2024-02-29
CISA: Ivanti Mitigations Might Not Be Effective
In a joint cybersecurity advisory, the US Cybersecurity and Infrastructure Security Agency (CISA), along with the FBI, the Multi-State Information Sharing and Analysis Center (MS-ISAC), and cybersecurity agencies from Australia, Canada, New Zealand, and the UK, notes that threat actors are actively exploiting known vulnerabilities in Ivanti Connect Secure and Policy Secure gateways. Of particular concern, CISA has determined ”that the Ivanti Integrity Checker Tool (ICT) is not sufficient to detect compromise and that a cyber threat actor may be able to gain root-level persistence despite issuing factory resets.”
Editor's Note
At this point, incident response to Ivanti compromises is complicated by incorrectly applied mitigations, overwritten configurations and several similar vulnerabilities that are not always easy to tell apart. In addition, attackers may have found new vulnerabilities not covered by currently available mitigations and patches.
Johannes Ullrich
Threat actors are able to deceive Ivanti's internal and external ICT, resulting in failure to detect compromise. Imagine bypassing secure boot, such that whatever payload you've added passes muster as genuine code? So, yeah, a big deal.
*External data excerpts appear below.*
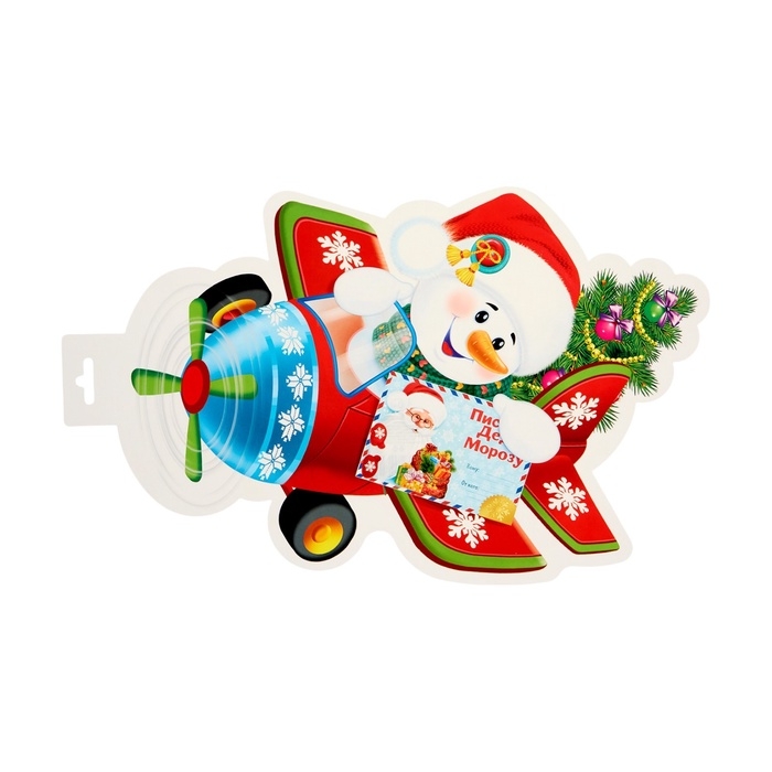Плакат вырубной "Снеговик на самолете" 35 х 41 см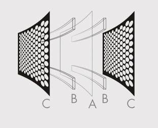 An electrostatic transducer has three components—stators, a diaphragm, and spars (non-conductive spacers that keep the tall assembly stationary)—assembled as a sandwich. The diaphragm is an ultra-light film impregnated with an electrically conductive material and stretched taut between two stators, which are perforated steel sheets coated with an insulator.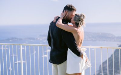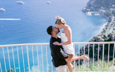 Discover this wedding proposal at the Dôme de La Chèvre d'Or in Èze, with panoramic sea views, romantic decor and couple photos in one of the most spectacular locations on the Côte d'Azur.

What this means is you need to grab the IOC's from the CISA message, and use them with other tools (in addition to the most recent ICT) to detect compromise. Assume compromise until proven otherwise. Resetting devices, all accounts. Assume that threat actors are able to get admin on LDAP connected accounts, such as your domain controllers. The CISA bulletin has a litany of mitigations, chief among them is limiting access, strengthening authentication and keeping things patched. If you do discover you've been tipped, please report it to IC3, your local FBI field office or CISA. They can help.